### Input for this task
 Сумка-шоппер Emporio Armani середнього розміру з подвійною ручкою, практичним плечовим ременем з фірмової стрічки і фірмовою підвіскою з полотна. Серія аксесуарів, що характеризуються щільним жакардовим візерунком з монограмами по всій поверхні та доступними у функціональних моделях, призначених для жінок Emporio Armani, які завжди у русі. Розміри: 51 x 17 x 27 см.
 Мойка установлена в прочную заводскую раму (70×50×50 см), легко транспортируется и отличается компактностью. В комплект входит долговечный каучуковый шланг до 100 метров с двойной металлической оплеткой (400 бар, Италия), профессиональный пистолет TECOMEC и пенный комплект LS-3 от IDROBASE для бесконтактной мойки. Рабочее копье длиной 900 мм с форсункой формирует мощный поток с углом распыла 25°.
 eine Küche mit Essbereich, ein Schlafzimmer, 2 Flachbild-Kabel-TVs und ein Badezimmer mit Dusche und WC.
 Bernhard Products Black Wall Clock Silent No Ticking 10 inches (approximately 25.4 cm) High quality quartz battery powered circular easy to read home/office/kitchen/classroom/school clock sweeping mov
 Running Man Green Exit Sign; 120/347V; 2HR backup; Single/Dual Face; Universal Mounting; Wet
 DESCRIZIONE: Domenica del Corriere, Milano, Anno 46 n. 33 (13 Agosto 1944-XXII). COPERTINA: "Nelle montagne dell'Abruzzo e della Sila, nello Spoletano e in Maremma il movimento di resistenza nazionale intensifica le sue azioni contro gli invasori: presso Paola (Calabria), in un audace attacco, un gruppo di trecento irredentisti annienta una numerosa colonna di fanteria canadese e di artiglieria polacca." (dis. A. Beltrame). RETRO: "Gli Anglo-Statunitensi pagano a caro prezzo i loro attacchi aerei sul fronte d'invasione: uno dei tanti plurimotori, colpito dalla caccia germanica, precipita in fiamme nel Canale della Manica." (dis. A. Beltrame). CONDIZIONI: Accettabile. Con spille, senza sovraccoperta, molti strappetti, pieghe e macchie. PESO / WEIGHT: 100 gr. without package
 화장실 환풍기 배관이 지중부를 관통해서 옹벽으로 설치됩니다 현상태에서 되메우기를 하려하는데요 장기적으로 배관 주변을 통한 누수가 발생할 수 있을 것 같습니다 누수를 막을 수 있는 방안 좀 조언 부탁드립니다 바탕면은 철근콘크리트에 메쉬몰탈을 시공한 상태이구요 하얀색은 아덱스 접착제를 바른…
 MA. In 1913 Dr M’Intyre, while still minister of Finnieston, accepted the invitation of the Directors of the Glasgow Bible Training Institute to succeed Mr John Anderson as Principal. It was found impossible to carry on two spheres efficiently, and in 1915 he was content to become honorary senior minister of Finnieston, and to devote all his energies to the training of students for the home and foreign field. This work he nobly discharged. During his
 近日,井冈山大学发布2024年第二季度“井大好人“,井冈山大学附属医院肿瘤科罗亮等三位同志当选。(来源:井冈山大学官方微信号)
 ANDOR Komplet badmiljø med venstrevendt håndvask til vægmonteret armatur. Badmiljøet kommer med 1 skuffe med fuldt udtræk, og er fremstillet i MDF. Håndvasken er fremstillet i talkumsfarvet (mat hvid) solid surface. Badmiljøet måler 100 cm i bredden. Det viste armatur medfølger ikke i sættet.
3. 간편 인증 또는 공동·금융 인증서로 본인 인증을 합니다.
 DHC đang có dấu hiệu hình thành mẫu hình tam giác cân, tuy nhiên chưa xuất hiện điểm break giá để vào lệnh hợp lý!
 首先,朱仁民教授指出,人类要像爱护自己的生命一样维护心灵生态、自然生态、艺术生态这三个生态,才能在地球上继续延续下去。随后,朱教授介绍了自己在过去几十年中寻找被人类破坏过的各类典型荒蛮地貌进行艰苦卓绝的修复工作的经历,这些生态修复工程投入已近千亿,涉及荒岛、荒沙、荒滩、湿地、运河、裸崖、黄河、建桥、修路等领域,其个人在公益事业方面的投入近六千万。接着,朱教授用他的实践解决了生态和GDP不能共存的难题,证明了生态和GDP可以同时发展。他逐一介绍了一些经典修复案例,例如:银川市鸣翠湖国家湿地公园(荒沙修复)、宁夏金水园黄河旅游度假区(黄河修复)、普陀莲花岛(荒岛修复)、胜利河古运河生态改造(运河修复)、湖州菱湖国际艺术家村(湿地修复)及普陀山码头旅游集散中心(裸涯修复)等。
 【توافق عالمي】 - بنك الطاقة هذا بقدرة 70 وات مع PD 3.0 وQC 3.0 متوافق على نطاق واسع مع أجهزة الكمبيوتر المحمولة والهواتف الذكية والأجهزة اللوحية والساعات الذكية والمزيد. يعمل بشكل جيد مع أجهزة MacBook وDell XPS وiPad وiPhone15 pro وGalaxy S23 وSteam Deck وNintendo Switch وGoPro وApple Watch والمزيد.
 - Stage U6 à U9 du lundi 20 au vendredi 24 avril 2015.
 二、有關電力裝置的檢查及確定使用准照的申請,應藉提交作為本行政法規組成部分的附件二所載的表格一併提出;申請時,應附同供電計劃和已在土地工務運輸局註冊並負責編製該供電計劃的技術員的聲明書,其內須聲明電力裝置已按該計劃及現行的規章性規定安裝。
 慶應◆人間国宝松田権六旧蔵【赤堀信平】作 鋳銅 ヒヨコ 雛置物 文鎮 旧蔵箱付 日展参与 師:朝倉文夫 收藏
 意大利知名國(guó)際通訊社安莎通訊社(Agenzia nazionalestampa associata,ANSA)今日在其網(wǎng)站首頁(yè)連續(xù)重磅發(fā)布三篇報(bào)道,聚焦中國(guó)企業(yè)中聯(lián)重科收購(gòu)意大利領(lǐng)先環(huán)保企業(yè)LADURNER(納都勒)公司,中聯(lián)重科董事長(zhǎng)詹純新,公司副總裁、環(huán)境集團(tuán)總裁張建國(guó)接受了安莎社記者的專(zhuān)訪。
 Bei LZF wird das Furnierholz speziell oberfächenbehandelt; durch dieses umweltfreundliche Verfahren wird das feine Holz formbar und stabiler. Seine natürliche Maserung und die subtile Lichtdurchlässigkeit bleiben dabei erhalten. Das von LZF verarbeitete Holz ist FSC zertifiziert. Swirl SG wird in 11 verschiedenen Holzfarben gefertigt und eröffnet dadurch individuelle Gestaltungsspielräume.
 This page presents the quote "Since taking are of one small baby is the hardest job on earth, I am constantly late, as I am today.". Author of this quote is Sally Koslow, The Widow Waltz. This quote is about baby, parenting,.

### Exercise directions
The lines above from the one with "Bernhard Products Black" through the one with "Running Man Green" are to be duplicated exactly, ends included, with nothing added.

### Solved exercise
 Bernhard Products Black Wall Clock Silent No Ticking 10 inches (approximately 25.4 cm) High quality quartz battery powered circular easy to read home/office/kitchen/classroom/school clock sweeping mov
 Running Man Green Exit Sign; 120/347V; 2HR backup; Single/Dual Face; Universal Mounting; Wet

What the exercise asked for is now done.